Think of it this way: If you had the solution \(y=x+C\) (for simplicity) with the initial value \(y(0)=1\), you would then replace every \(y\) you see with \(1\) and every \(x\) with 0.

The same can be done for your equation. If \(y\left(\dfrac{1}{\pi}\right)=\pi\), then
\[-\pi\cos\pi+\sin\pi=-\sin\left(\frac{1}{\pi}\right)^{-1}+C\]

Answer 2

what is -sin(1/pi) inverse equal to?

Answer 3

I need an exact form

Answer 4

so far I have -pi= sin(1/Pi) +c

Answer 5

Well, firstly you have
\[-\sin\bigg[\left(\frac{1}{\pi}\right)^{-1}\bigg]\]
which means you have the reciprocal of \(\dfrac{1}{\pi}\), or just \(\pi\):
\[-\sin\pi\]
Now what's the sine of \(\pi\)? What's the negative of that?

Answer 6

wait a minute something is up

Answer 7

shouldn't it be sin (pi^-1)

Answer 8

that becomes sin (1/pi)

Answer 9

No, the initial condition is \(y\left(\dfrac{1}{\pi}\right)=\pi\), meaning \(x=\dfrac{1}{\pi}\) when \(y=\pi\).

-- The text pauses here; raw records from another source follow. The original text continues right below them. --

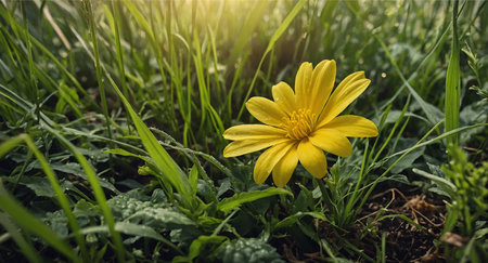A vibrant yellow flower with multiple petals stands tall in a lush green field of grass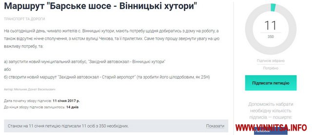 «На сьогоднішній день, чимало жителів с. Вінницькі хутори, мають потребу щодня добиратись з дому на роботу, а також відсутнє нічне сполучення, з містом вулиці Чехова, та її прилеглих. Саме тому прошу звернути увагу на цю важливу потребу, та: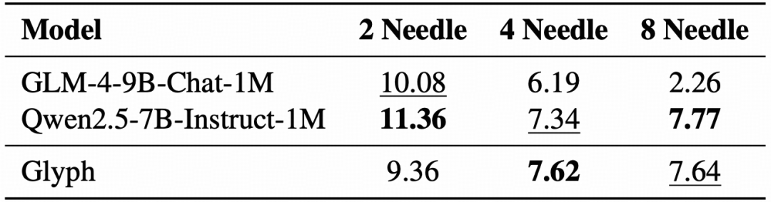 研究团队在多个长上下文基准上系统评估了 Glyph 的效果。如下: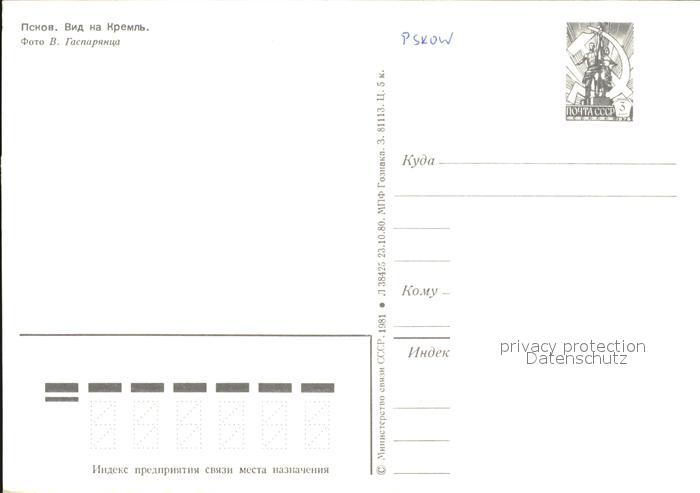 Pskov Kremlin postalisch nicht gelaufen Ganzsache (eingedruckte Briefmarke) Erhaltung siehe scans [NatalD47]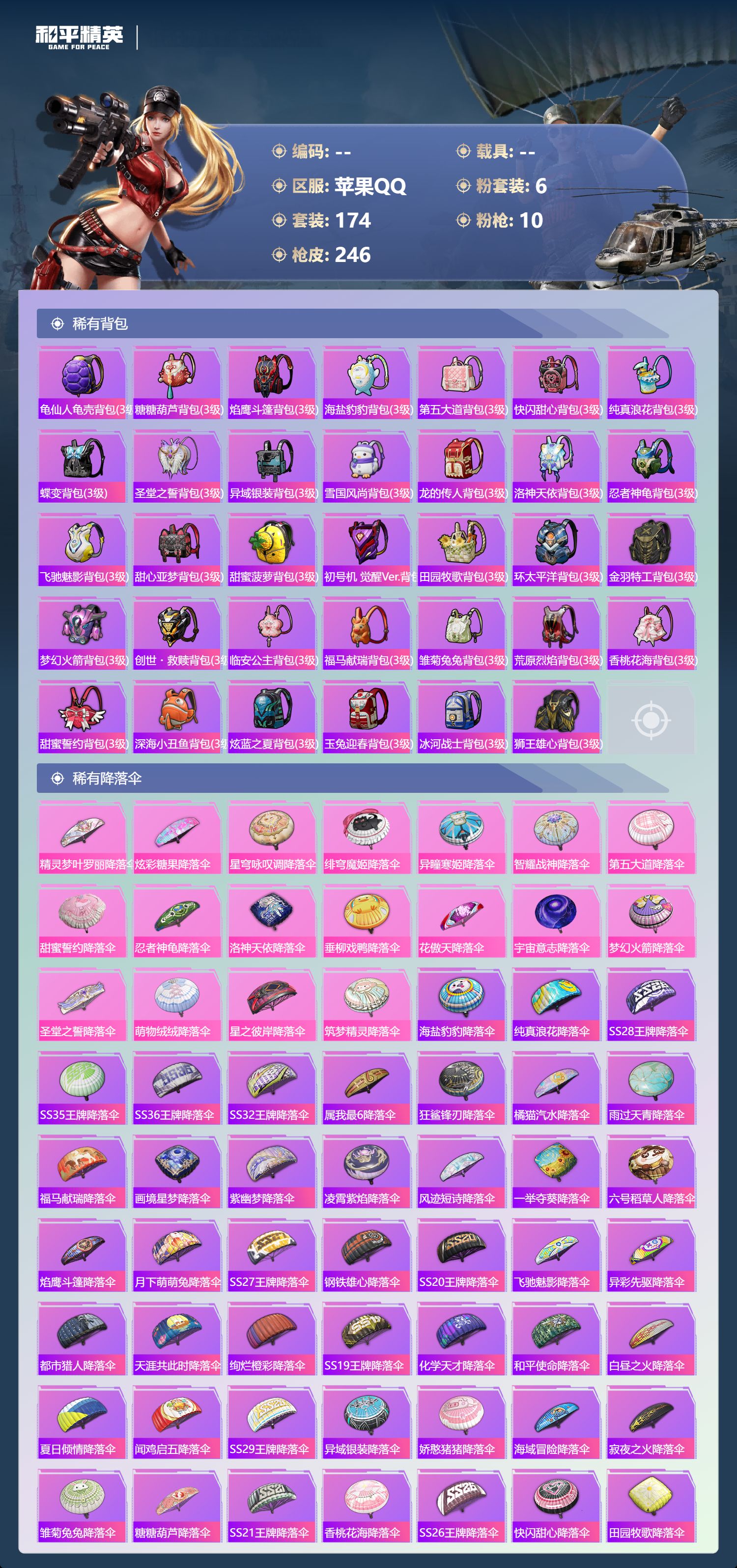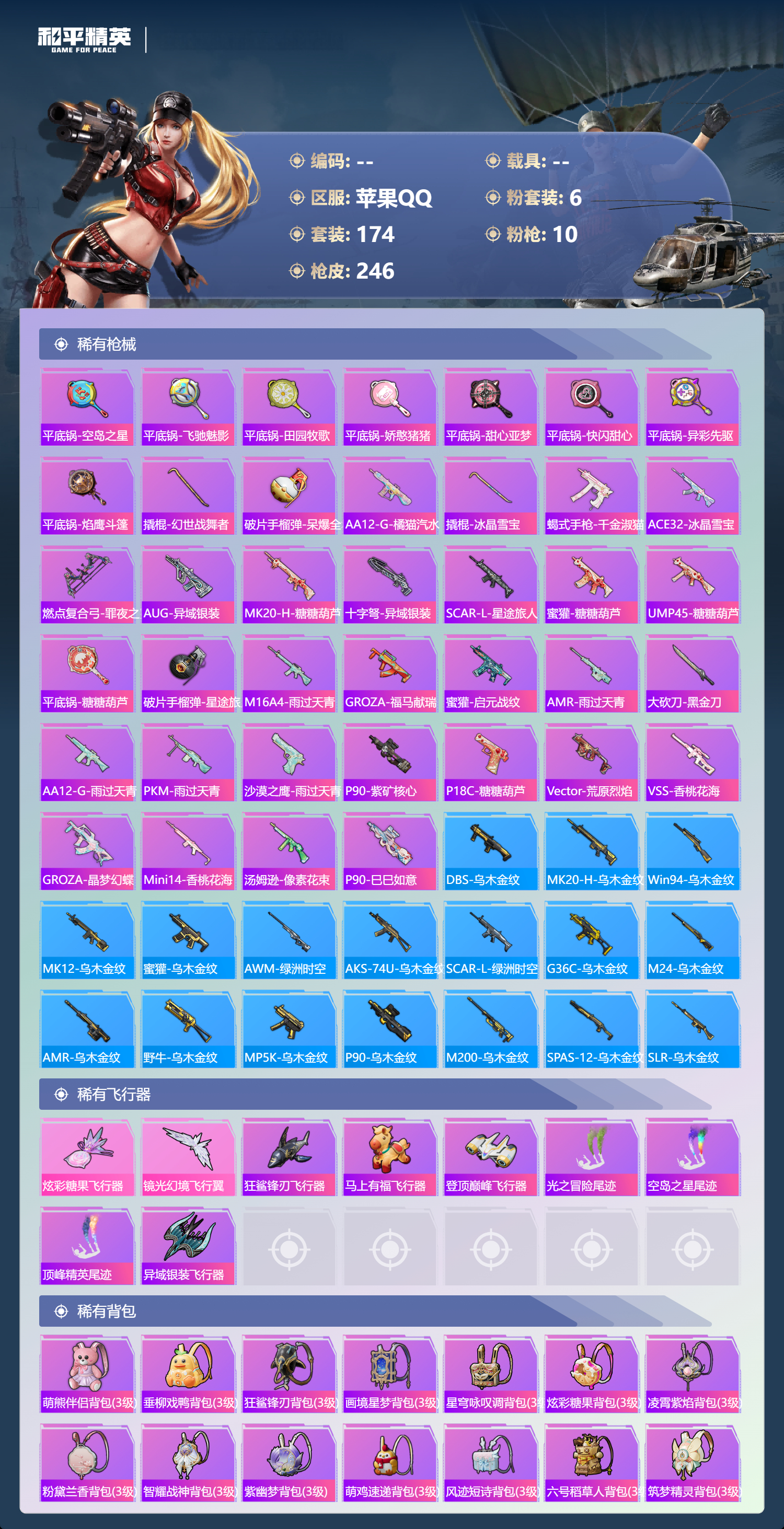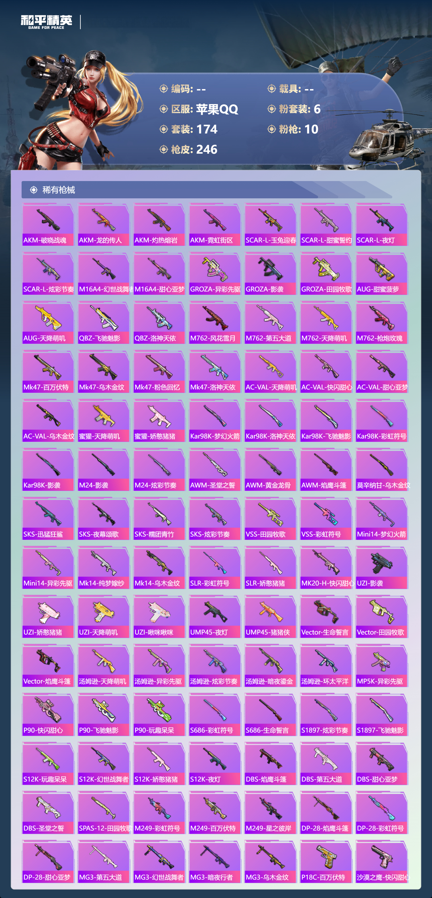 hs68226 苹果手Q-12王牌印记-6粉装-10特效枪-76410热力值-174套装-246枪皮-4卓越印记-3传奇印记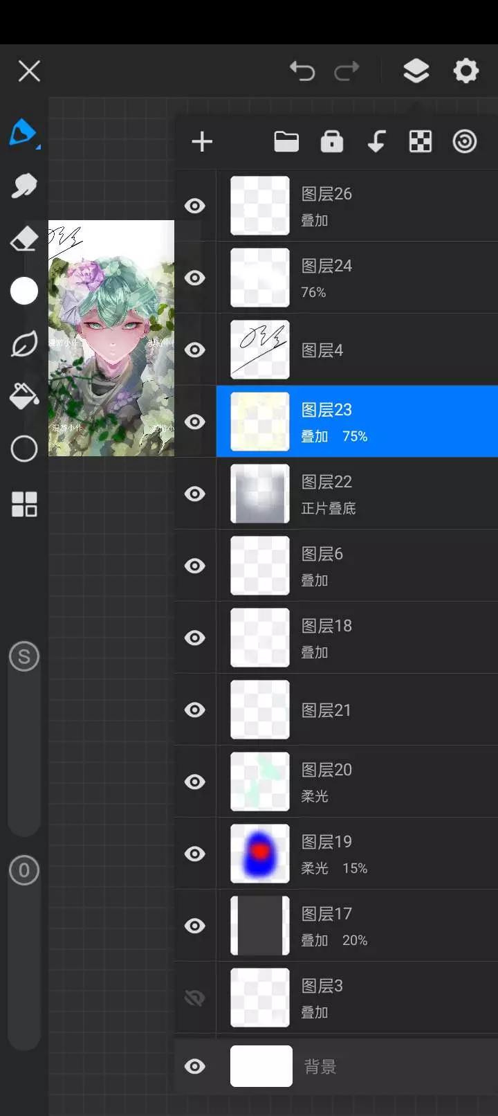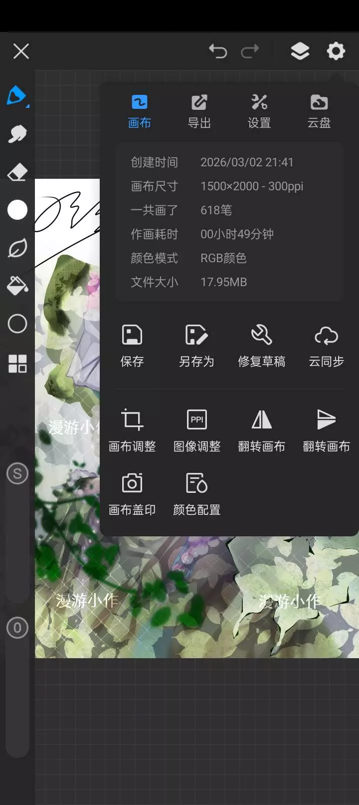 作者无偿展示了分两张画布创作的二次元插画作品,还晒出了作画的画布信息与图层详情,该插画是一位蓝发带花的二次元人物,创作耗时超3小时。

The \(x^{-1}\) in the general solution is equivalent to \(\dfrac{1}{x}\), so
\[\frac{1}{1/\pi}=\pi\]

Answer 10

so what would be my final answer for C, I just want to be sure I got it right.

Answer 11

\[-\pi\cos\pi+\sin\pi=-\sin\left(\frac{1}{\pi}\right)^{-1}+C\]
reduces to
\[-\pi(-1)+0=-\sin\pi+C\]
then
\[\pi=0+C~~\iff~~C=\pi\]

Answer 12

oh I got -1 but I C how you got C.

Answer 13

Thank you best responce

Answer 14

You're welcome!